Graphene membranes may lead to enhanced natural gas production, less CO2 pollution
12 Oct 2012
Engineering faculty and students at the University of Colorado Boulder have produced the first experimental results showing that atomically thin graphene membranes with tiny pores can effectively and efficiently separate gas molecules through size-selective sieving.
The findings are a significant step toward the realisation of more energy-efficient membranes for natural gas production and for reducing carbon dioxide emissions from power plant exhaust pipes.
Mechanical engineering professors Scott Bunch and John Pellegrino co-authored a paper in Nature Nanotechnology with graduate students Steven Koenig and Luda Wang detailing the experiments. The paper was published Oct. 7 in the journal's online edition.
The research team introduced nanoscale pores into graphene sheets through ultraviolet light-induced oxidative ''etching,'' and then measured the permeability of various gases across the porous graphene membranes.
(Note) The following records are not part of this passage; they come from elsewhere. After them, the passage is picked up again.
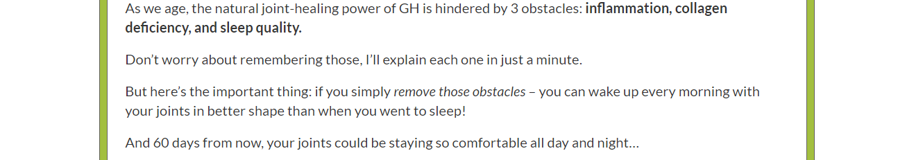 So here’s the thing – it claims to relieve every joint problems while you sleep. How exactly? Using one miraculous ingredient – growth hormone.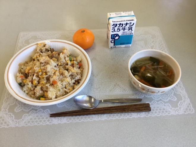 チャーハン 牛乳 豆腐と青梗菜のスープ |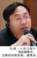 呂氏は、「メディアは客観的、全面的に相手国を報道すべきだ」と主張。「メディアが相互尊重することによって健全な輿論ができる」と2つのテーマの補完性を指摘し、「人民日報では各方面の内容を報道しており、日本の政策も日本国民の平和を望む動きもオープンに伝えている」と述べました。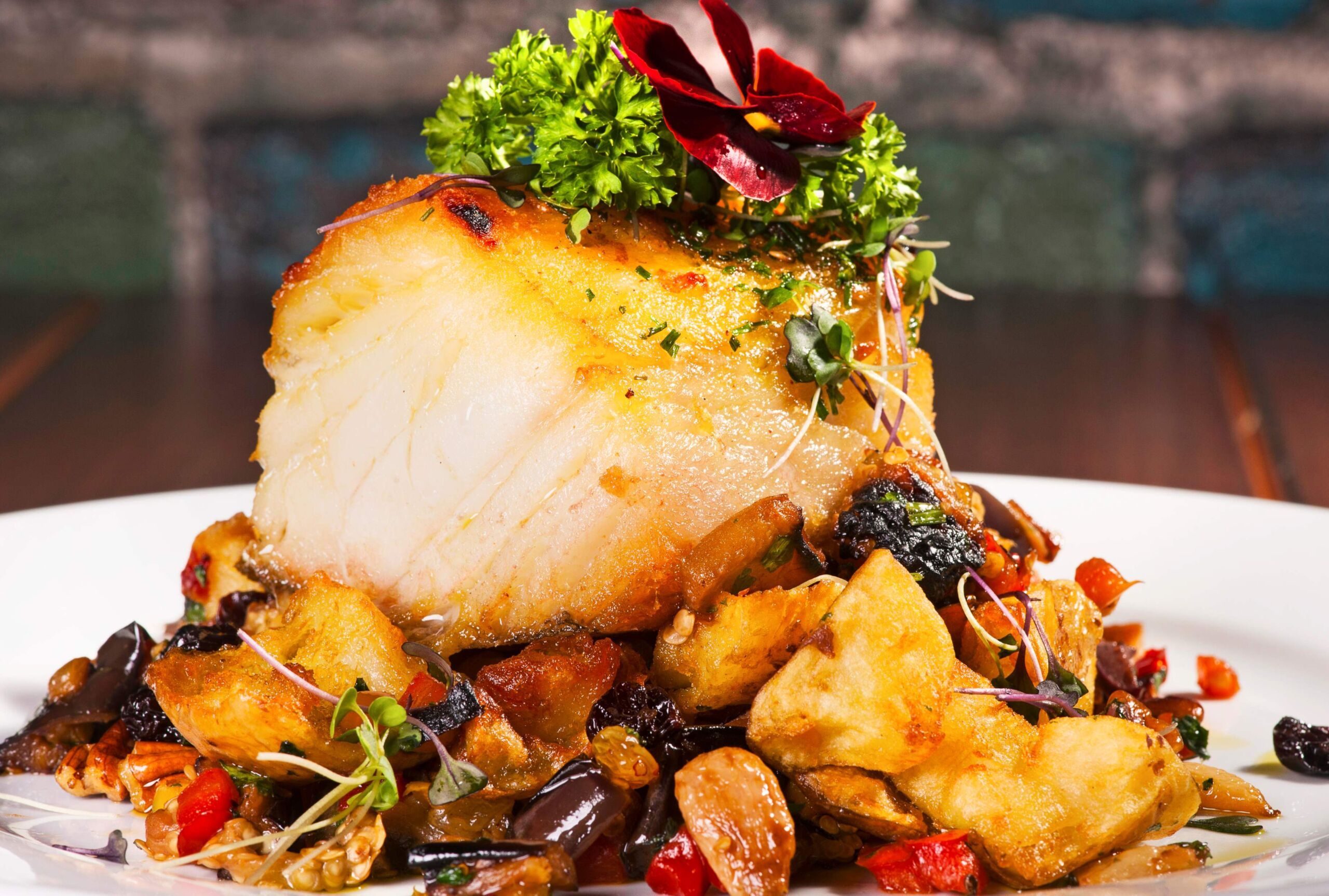 Josephina: Posta de bacalhau confitada acompanhada de purê de batata, tomatinhos assados, azeitonas pretas e caponata.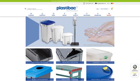 Plastibac is leverancier en distributeur van alle soorten kunststof bakken (magazijnbakken, stapelbakken, euro pallets, jerrycans, vaatwaskorven…), paletten en verpakkingen. Het meer dan 35 jaar oude familiebedrijf heeft een artikelenbestand met ruim 2500 referenties. Het gamma van Plastibac werd opgedeeld in 6 divisies om eenvoudig het overzicht te kunnen behouden. Zo is er Storage, Logistics, Food, Waste, Facility en de jongste divisie PBPackaging.
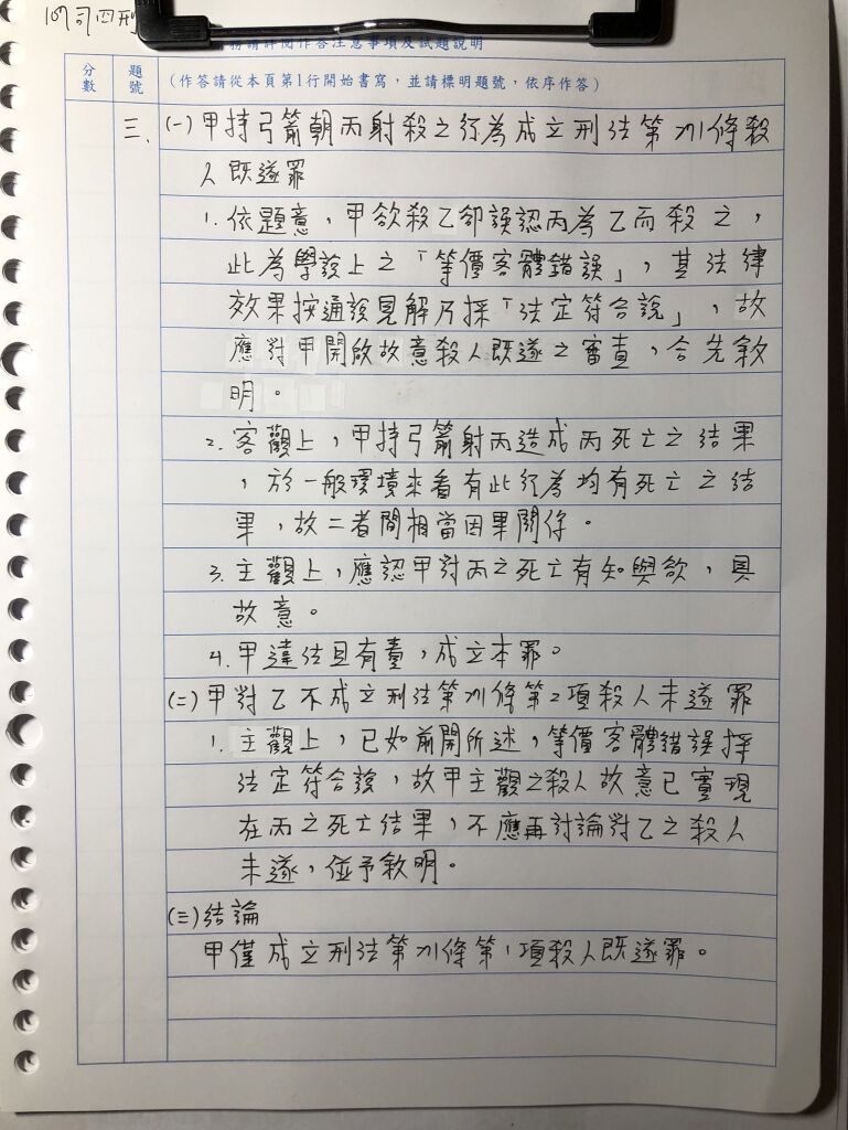 2.影響說:因為判斷錯誤 應發生之結論為對乙之殺人未遂 對甲丙之過失致死罪 在依想像競合犯 從一重處斷 論行為人故意殺人未遂罪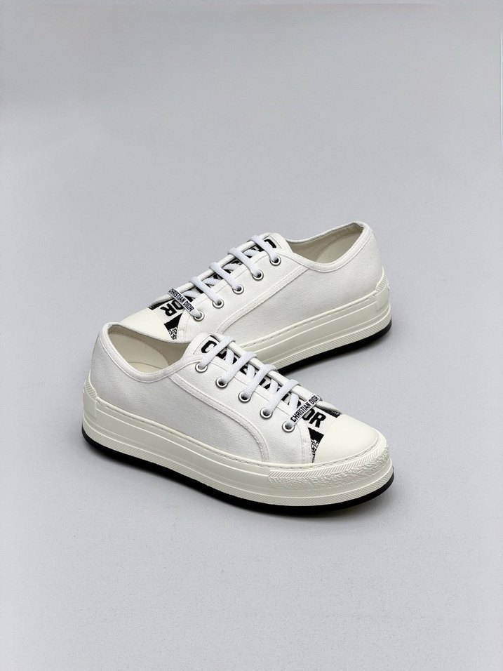 Beyaz platform topuklu, kauçuk tabanlı spor ayakkabı, temiz ve zahmetsiz şıklık sunar. Trendy rahat sokak stili için uygundur. Dior Women Walk N 04 İmported & ithal ürün 37 38 39 40 41 size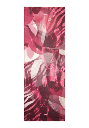 A mid-weight, mid-size scarf that makes a statement with its bold allover abstract pattern.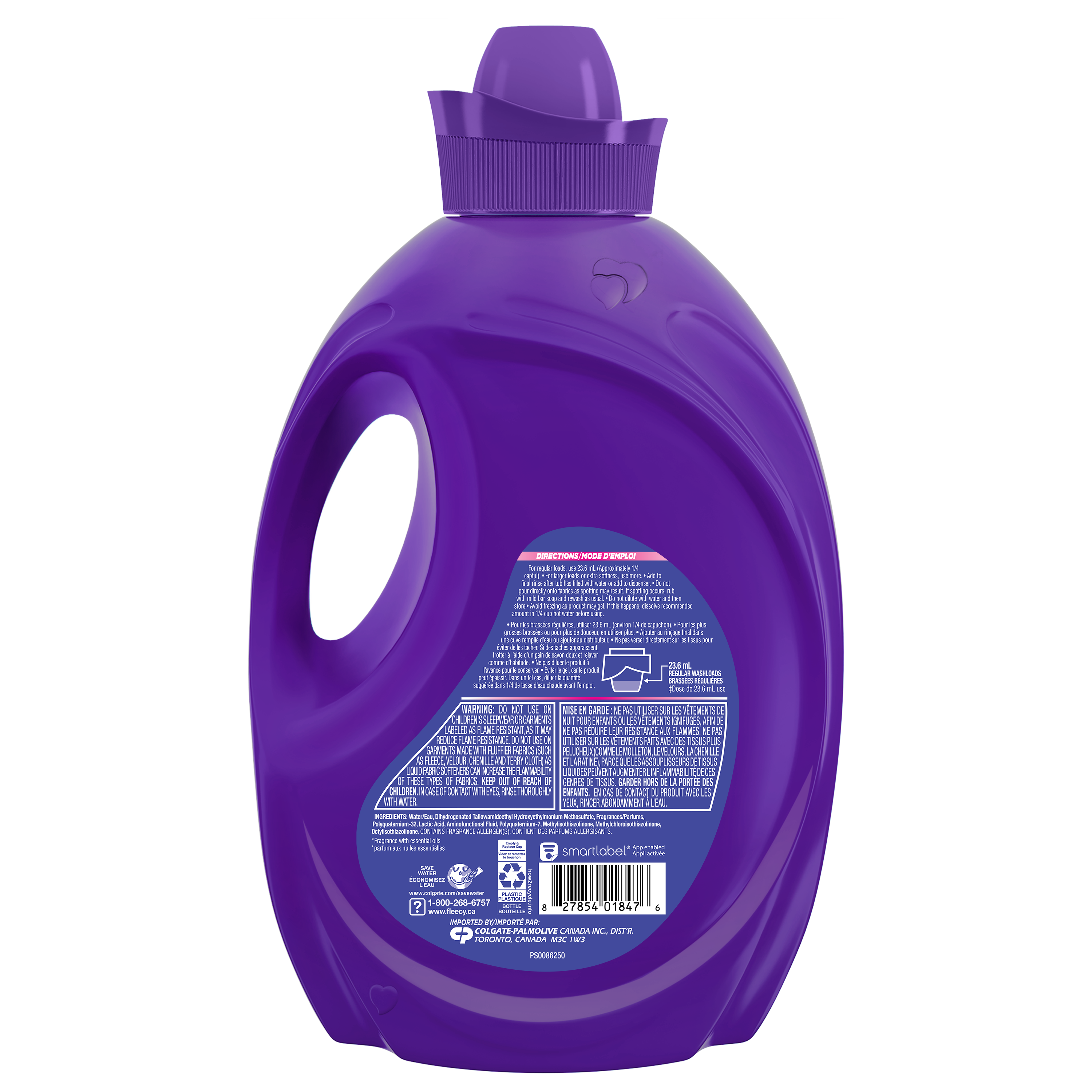 Product Title Fleecy Sensations Liquid Fabric Conditioner, Lavender Scent, 3.5 L SKU 61045400 SKU eCommerce Name Fleecy Sensations Liquid Fabric Conditioner, Lavender Scent, 3.5 L Consumer Unit - GTIN 00827854018476 Case - GTIN 10827854018466 Product Category Home Care Product Sub Category FC Liquids Brand Fleecy Product Sub Brand Fleecy Liq FC Consumer Unit Gross Weight 3.653 KG / 8.055 LB Consumer Unit Net Weight 3.500 KG / 7.718 LB Consumer Unit Length 197.000 MM / 7.756 IN Consumer Unit Width 123.000 MM / 4.843 IN Consumer Unit Height 310.000 MM / 12.205 IN Consumer Unit Volume 7.512 C8 / 0.265 CF Product Title Fleecy Sensations Liquid Fabric Conditioner, Lavender Scent, 3.5 L Product Description Discover the enchanting touch of Fleecy Sensations Liquid Fabric Conditioner, featuring a captivating Lavender scent. The delicate Lavender fragrance, reminiscent of a tranquil garden, fills your laundry with a serene and gentle aroma that your family will love. Made with essential oils*, this fabric softener elevates each wash with a soothing touch, bringing the irresistible softening and freshness of your fabrics to new heights. Our unique formula ensures that every load emerges feeling soft and smelling fresh. For regular loads, use 23.6 mL (approximately ¼ capful). For larger loads or extra softness, use more. Add to the final rinse after the tub has filled with water or add to the dispenser. Embrace the sensory delight of Fleecy Sensations and transform your fabric care routine into an expression of love for your clothes and linens. *Fragrance with essential oils eCommerce Copy- Long Description Discover the enchanting touch of our new Fleecy Sensations Liquid Fabric Conditioner, now featuring a captivating Lavender scent. Infused with essential oils, this fabric softener elevates each wash with a natural, soothing touch, bringing the freshness and softness of your fabrics to new heights. The delicate lavender fragrance, reminiscent of a tranquil garden, fills your laundry with a serene and gentle aroma that your family will love. Designed to last for 148 washes, our unique formula ensures that every load emerges feeling soft and smelling fresh. Embrace the sensory delight of Fleecy Sensations and transform your fabric care routine into an expression of love for your clothes and linens. Bullet 1 One 3.5 L bottle of Fleecy Sensations Liquid Fabric Conditioner, Lavender Scent Bullet 2 Designed to deliver consistent performance and ensuring long-lasting freshness and comfort Bullet 3 The delicate Lavender scent, reminiscent of a tranquil garden, fills your laundry with a serene and gentle aroma that your family will love Bullet 4 Made with essential oils*, this fabric softener elevates each wash with a soothing touch Bullet 5 Experience irresistible softening and freshness in your clothes and linens, making them a pleasure to wear and use Bullet 6 For regular loads, use 23.6 mL (approximately ¼ capful). For larger loads or extra softness, use more. Add to the final rinse after the tub has filled with water or add to the dispenser Keywords (eCommerce) Fabric conditioner, fabric softener, essential oils, lavender scent, clothes, linens, laundry, garments, fabrics, Fleecy, lavender, fabric care, lavender fragrance, liquid fabric conditioner, liquid fabric softener OS Amazon Product Title Fleecy Sensations Liquid Fabric Conditioner, Made with Essential Oils, Fabric Softener, Lavender Scent, 3.5 L OS Amazon Product Description Discover the enchanting touch of Fleecy Sensations Liquid Fabric Conditioner, featuring a captivating Lavender scent. The delicate Lavender fragrance, reminiscent of a tranquil garden, fills your laundry with a serene and gentle aroma that your family will love. Made with essential oils*, this fabric softener elevates each wash with a soothing touch, bringing the irresistible softening and freshness of your fabrics to new heights. Our unique formula ensures that every load emerges feeling soft and smelling fresh. For regular loads, use 23.6 mL (approximately ¼ capful). For larger loads or extra softness, use more. Add to the final rinse after the tub has filled with water or add to the dispenser. Embrace the sensory delight of Fleecy Sensations and transform your fabric care routine into an expression of love for your clothes and linens. *Fragrance with essential oils OS Amazon Bullet 1 One 3.5 L bottle of Fleecy Sensations Liquid Fabric Conditioner, Lavender Scent OS Amazon Bullet 2 Designed to deliver consistent performance and ensuring long-lasting freshness and comfort OS Amazon Bullet 3 The delicate Lavender scent, reminiscent of a tranquil garden, fills your laundry with a serene and gentle aroma that your family will love OS Amazon Bullet 4 Made with essential oils*, this fabric softener elevates each wash with a soothing touch OS Amazon Bullet 5 Experience irresistible softening and freshness in your clothes and linens, making them a pleasure to wear and use OS Walmart Product Title Fleecy Sensations Liquid Fabric Conditioner, Lavender Scent, 3.5 L OS Walmart Product Description Discover the enchanting touch of Fleecy Sensations Liquid Fabric Conditioner, featuring a captivating Lavender scent. The delicate Lavender fragrance, reminiscent of a tranquil garden, fills your laundry with a serene and gentle aroma that your family will love. Made with essential oils*, this fabric softener elevates each wash with a soothing touch, bringing the irresistible softening and freshness of your fabrics to new heights. Our unique formula ensures that every load emerges feeling soft and smelling fresh. For regular loads, use 23.6 mL (approximately ¼ capful). For larger loads or extra softness, use more. Add to the final rinse after the tub has filled with water or add to the dispenser. Embrace the sensory delight of Fleecy Sensations and transform your fabric care routine into an expression of love for your clothes and linens. *Fragrance with essential oils OS Walmart Bullet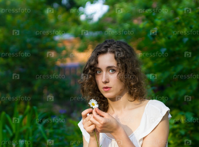 Красивая романтичная женщина с ромашкой

Experiments were done with a range of gases including hydrogen, carbon dioxide, argon, nitrogen, methane and sulphur hexaflouride -- which range in size from 0.29 to 0.49 nanometers -- to demonstrate the potential for separation based on molecular size. One nanometer is one billionth of a meter.
''These atomically thin, porous graphene membranes represent a new class of ideal molecular sieves, where gas transport occurs through pores which have a thickness and diameter on the atomic scale,'' said Bunch.